I just got my coil overs and have been using the search for coil over lubricants members are using. I'm from Toronto, so we get all that nice salt on our roads, during winters :S What are you guys using for lubricant, so the coils don't seize up when adjusting and protecting from harsh winters? From what I found, some people using anti seize or marine grease? I'm trying to find another alternative to anti seize, or any lubricant attracting dirt and grime.

Any help and suggestions is much appreciated.

Thanks,

Ron


----------



## EngTech1 (Nov 30, 2008)

*One of the Best Solutions - Canadian Roads*

One of the Best Solutions - Canadian Roads - Up North 

Land Rover sites usually have some stocked - is a Spray Wax . It's a Rust Proofing Wax - that - Dries Hard .

Yet U would be able to Turn - through this Wax If needed to for Adjustments .
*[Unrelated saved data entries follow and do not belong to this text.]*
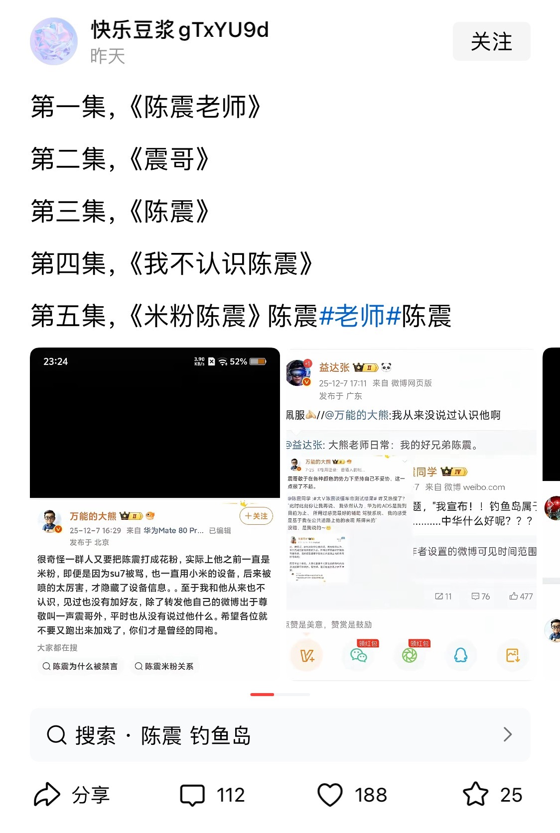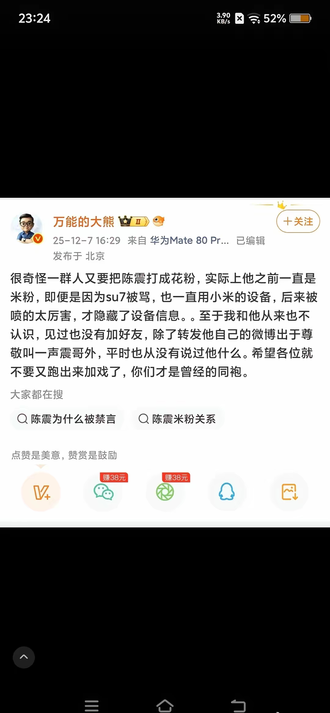 要不是我被陈震拉黑差点就信了
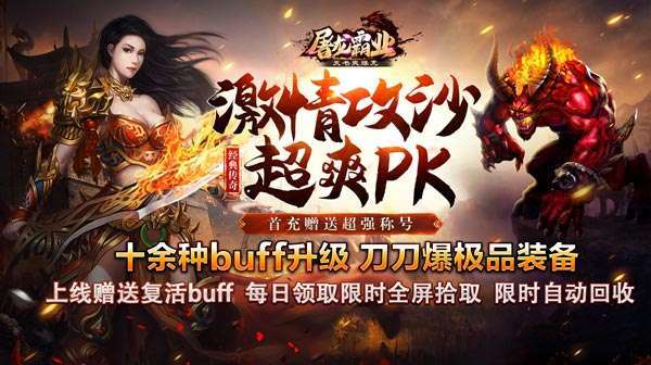 1、最强福利赠送!1阶甲套、复活buff、 新手隐身卷、仓库扩展卷 2、每天上线都能领取自动回收[限时]、全屏拾取[限时] 3、超多大陆,尽情挂机刷怪,杀怪换BOSS召唤卷轴,超高爆率超多装备等你来爆 4、十余种buff升级,刀刀爆极品装备 5、首充赠送超强称号,提升爆率发育快人一步
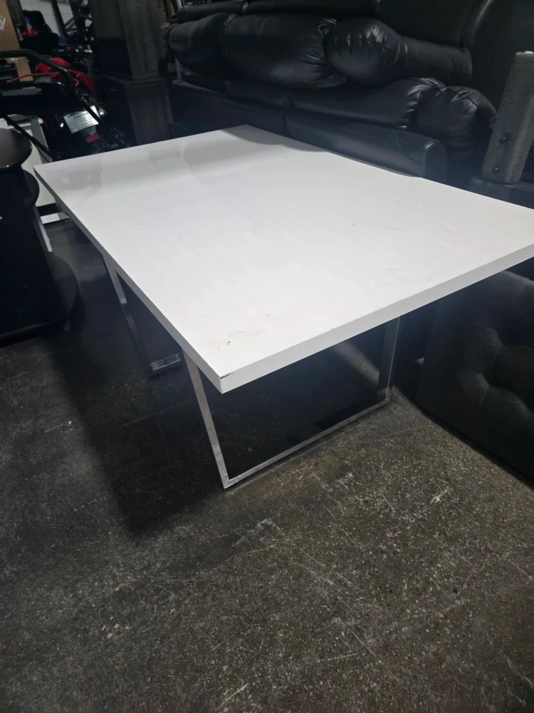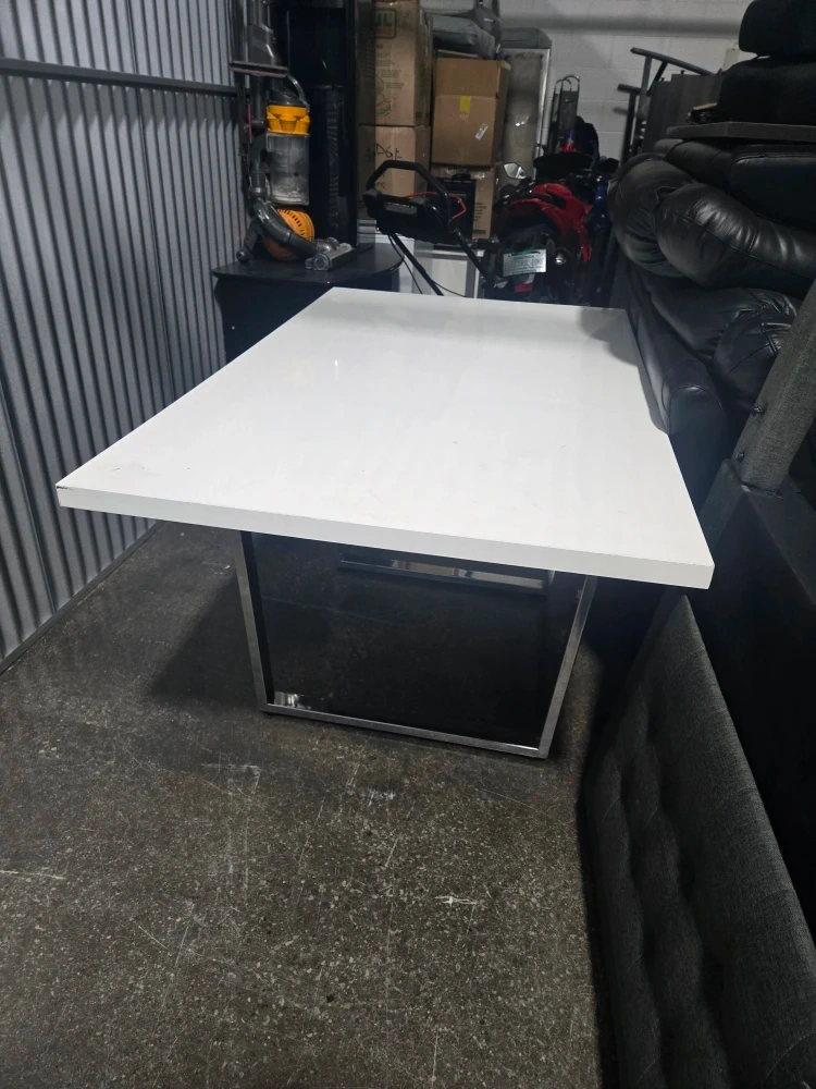 Selling a modern white dining table with a sleek chrome base. It measures approximately 149.86cm in length, 88.9cm in width, and 76.2cm in height. The table is in good condition and would be a stylish addition to any dining room
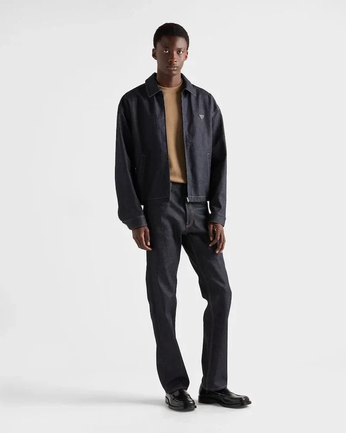 This Versatile and Contemporary Blouson Jacket Made of Raw Denim Has a Sleek Design Characterized by Contrasting Top-Stitching. The Sophisticated, Casual Garment is Completed with the Enameled Metal Triangle Logo.
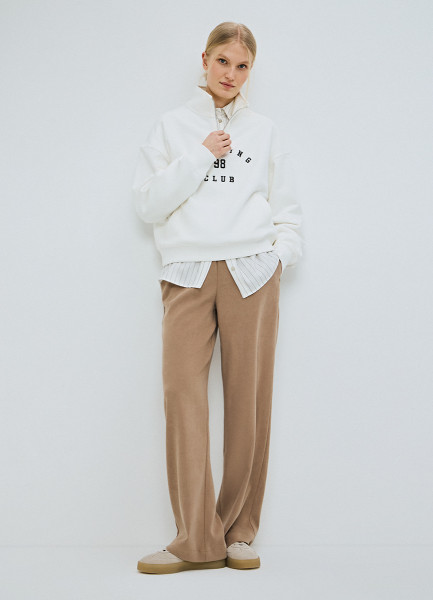 Прямые брюки с эластичным поясом, Бежевый
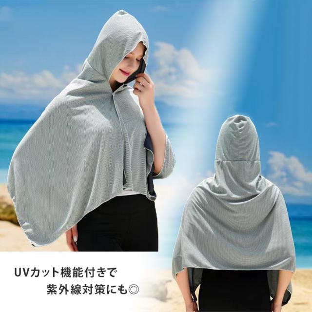 新作 ポンチョ パーカー レディース メンズ 夏 冷感 冷却 薄手 軽量 UV 通気性 速乾 日よけ 熱中症対策 涼しい ひんやり 運動 羽織り
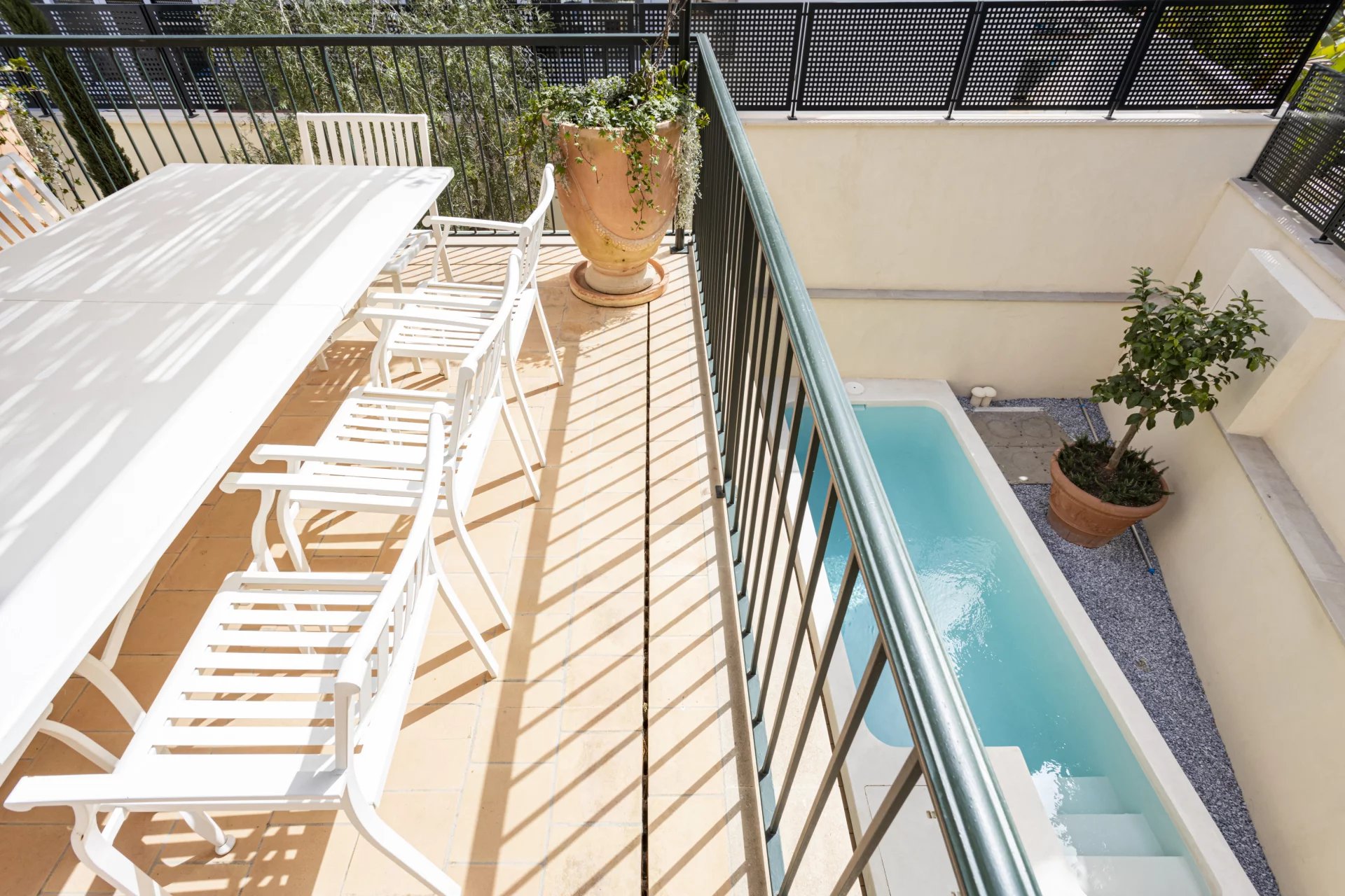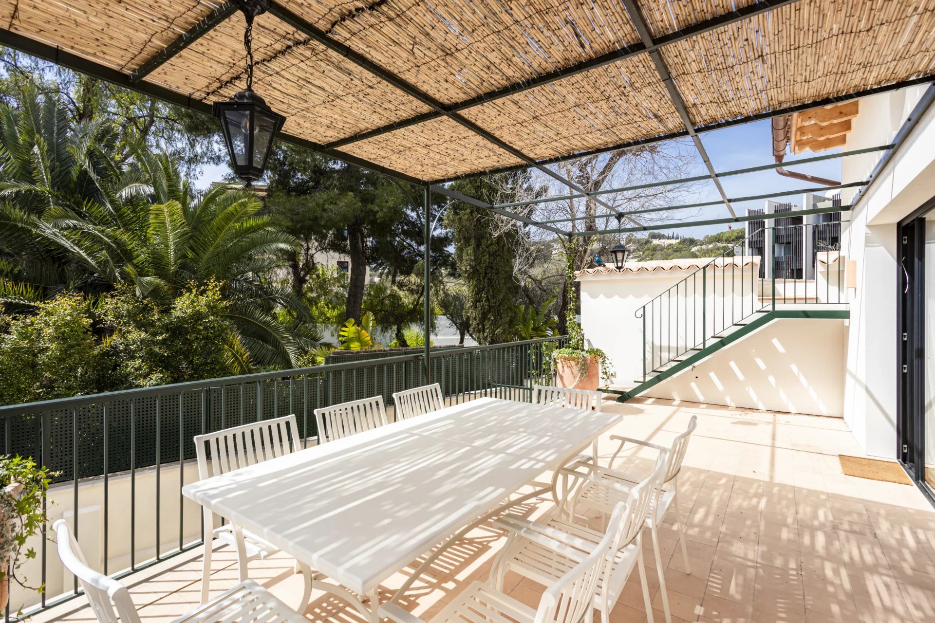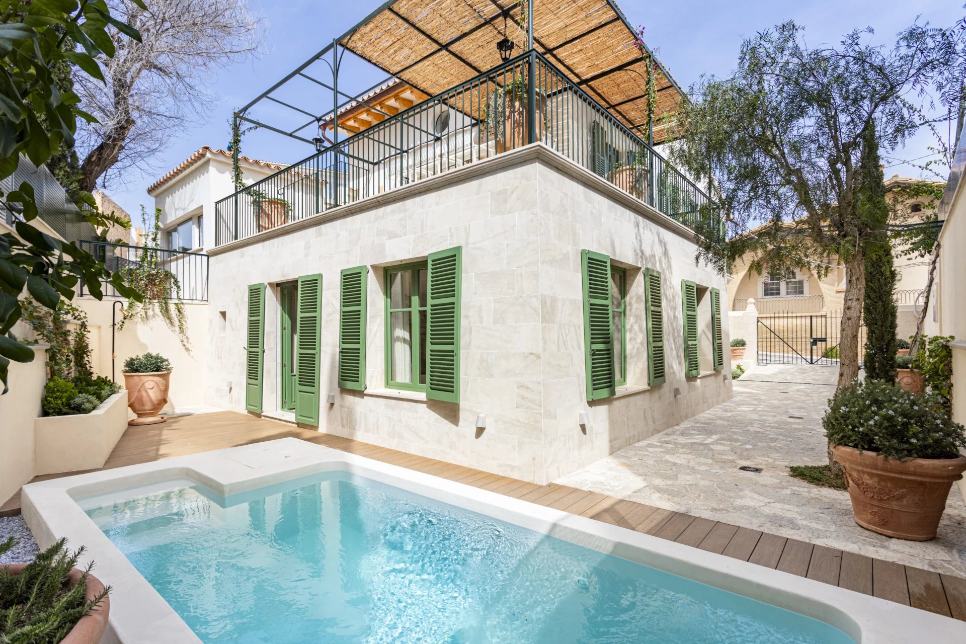 This spectacular house in San Agustín, Palma de Mallorca, has been completely refurbished to the highest quality standards. Situated next to the Hotel Maricel, one of the most exclusive locations in the city, this property offers a perfect combination of luxury, comfort, and advanced technology. With 297 m² of completely renovated living space, the house has 2 double bedrooms and 1 single bedroom, all with luxury finishes. In addition, it has two spacious and bright living rooms designed for comfort and elegance, one of them with an integrated open-plan kitchen. The large 54 m² garage can be used as such or as a gym, spa, cinema room, or any additional space according to your needs, and it has an additional driveway and private parking. The property also boasts two outdoor terraces and a roof terrace, the latter with partial sea views, as well as a beautiful micro-cement saline pool on the ground floor, offering a private oasis. The house has been designed using high-end natural materials such as larch and iroko wood, Perlino marble, and stone from Santanyi and Binissalem. The tiling in the bathrooms, hand-painted in Italy, together with the use of micro-cement, adds a touch of sophistication and style. In terms of comfort and technology, the property has underfloor heating and ducted air conditioning to ensure a perfect temperature at any time of the year. Energy efficiency is optimised with heat pump DHW, water softener, and its own pressure boosting system. In addition, the property includes an advanced home automation system for lighting and air conditioning, as well as pre-installation for an alarm, electric charger, and automatic irrigation to keep the garden perfectly maintained.
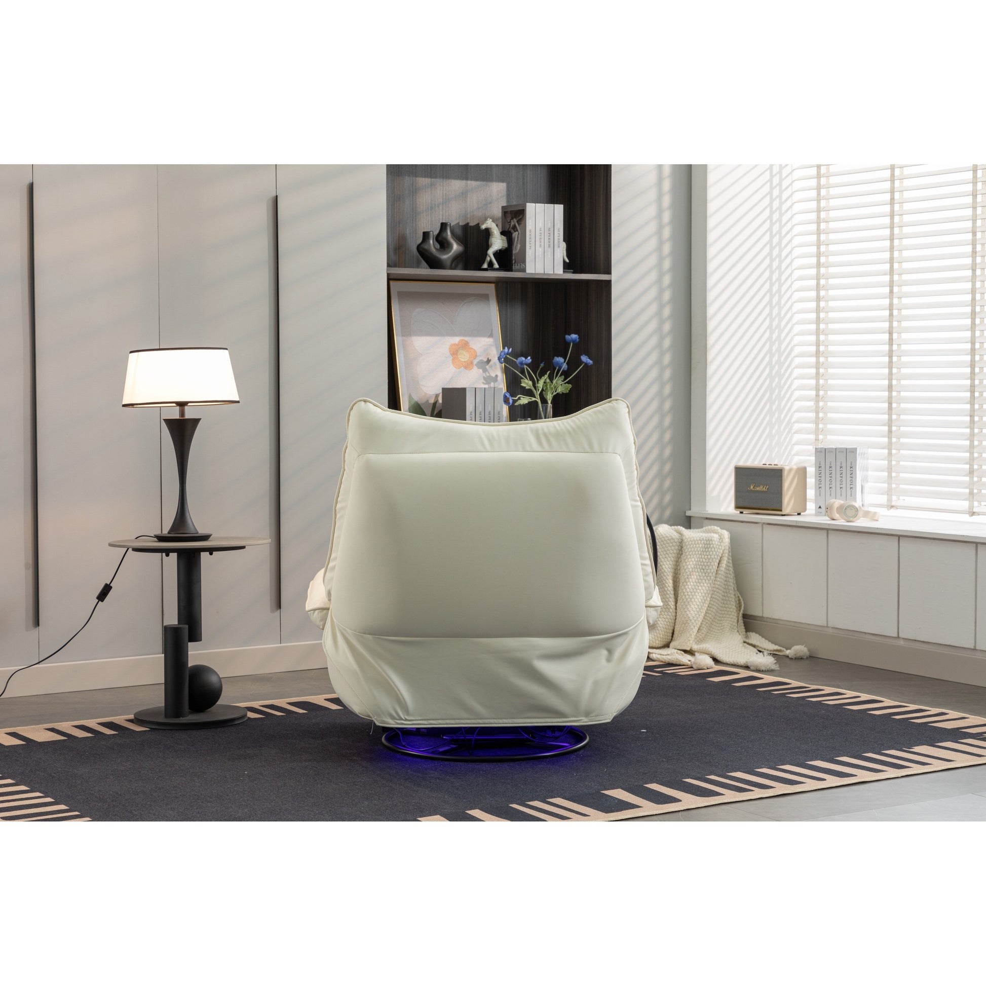 - This 270° swivel glider recliner combines convenience and entertainment with a built-in phone holder and charging ports. Equipped with Bluetooth speakers for immersive sound, you can easily enjoy videos or music while relaxing. The chair also offers hidden arm storage for small items, and its easy assembly takes only 3 minutes, making it a great addition to any living room, bedroom, or apartment.
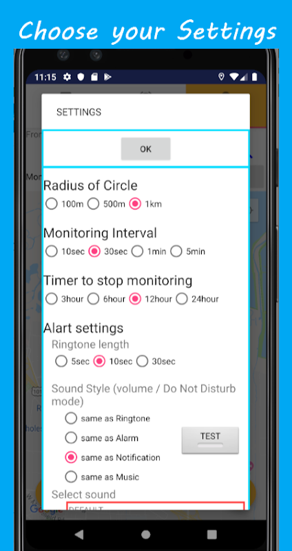 Se l'interruttore di monitoraggio è su ON e ti sei spostato nella cerchia della mappa, questa app ti notificherà di fare il compito suonando e vibrando.
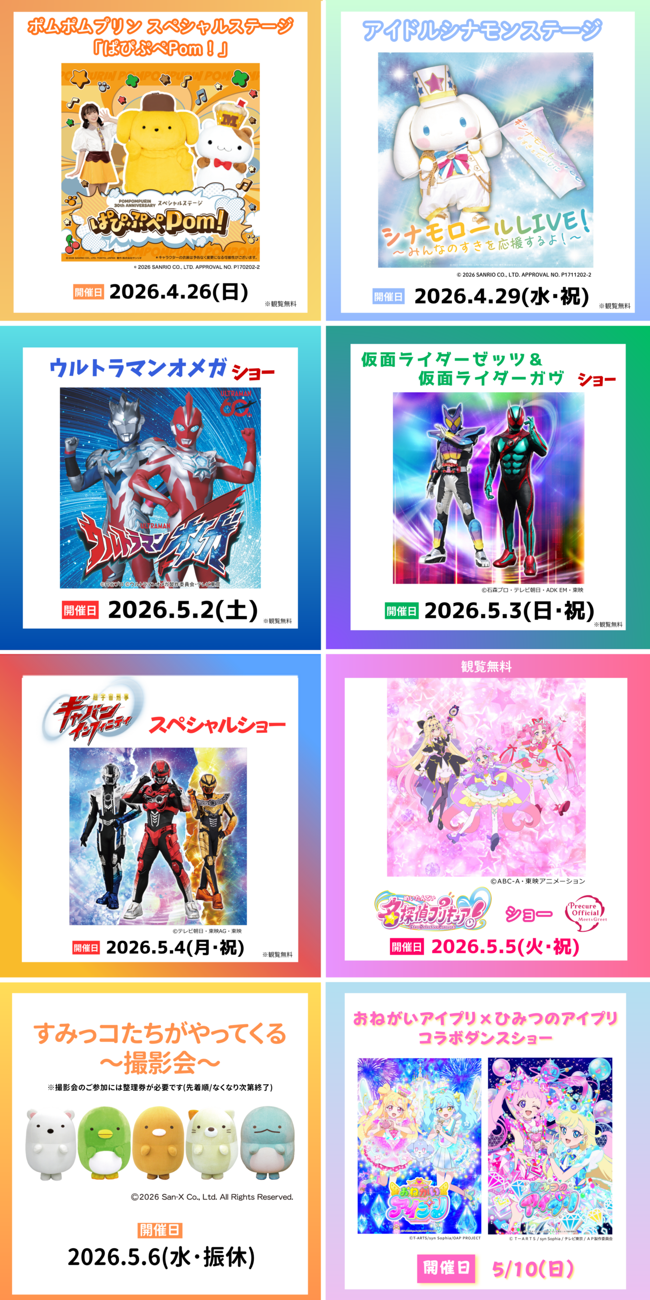 GW期間中、ご家族で楽しめるイベントを多数開催いたします!
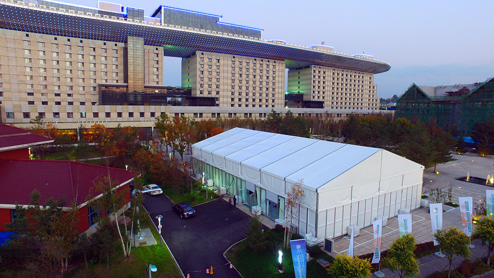 使用年會篷房的好處可太多了:篷房可以搭建于戶外,單獨營造一個年會場館,按參加的人數(shù)和需求面積進行選擇。工期短,受地形制約小,費用和一般租賃場地差不多。篷布可以定制logo噴涂,并且有法式飄窗和全透明篷布,玻璃墻等升級墻面。內(nèi)部無立柱設計可兼容燈光,音響,投影,布幔內(nèi)飾設施,滿足品牌定制化服務。
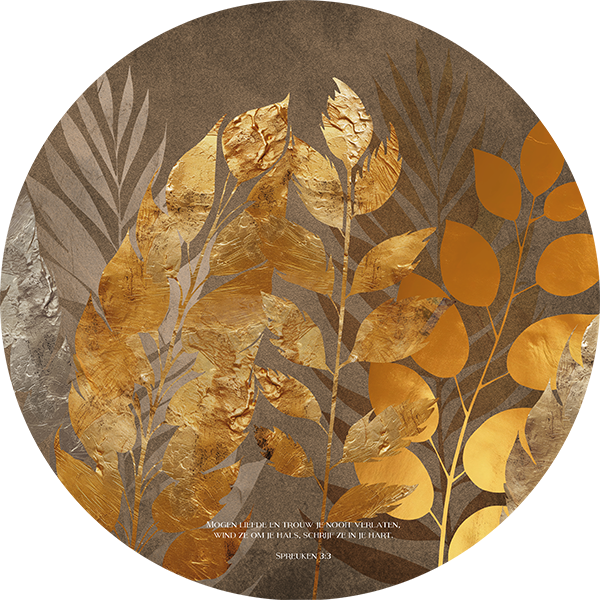Op deze cirkel staat de bijbeltekst uit Spreuken 3:3: ‘Mogen liefde en trouw je nooit verlaten,wind ze om je hals, schrijf ze in je hart.’
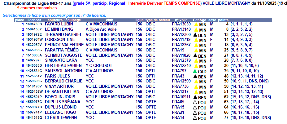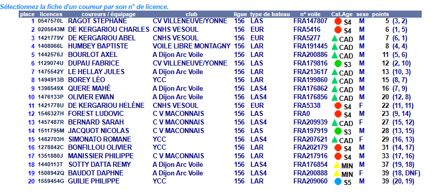 Belle 8éme place de Lara avec 5 manches solides ou elle est très régulière (7-7-6-8-8) et Charlie (12e) qui n’as fait que trois manches.
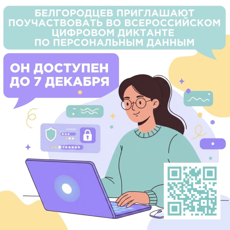 Белгородский Белгородских школьников, взрослых, пожилых граждан и всех, кто пользуется интернетом, приглашают поучаствовать во Всероссийском цифровом диктанте: https://clck.ru/36oeqqОн состоит из 25 вопросов, на которые у вас будет 40 минут. После завершения...

Point Being - Not sticky holding sand and debris like an Grease base would . :beer:


----------



## Eric D (Feb 16, 1999)

Boeshield T9.

http://boeshield.com/


----------



## Pat Dolan (Sep 28, 2003)

Thanks. You just made my evening very worthwhile. Been looking for something such as this for quite a while


----------



## ryan mills (May 3, 2002)

*FV-QR*

If you're looking for something locally, bicycle chain wax might just fit the bill as well.


----------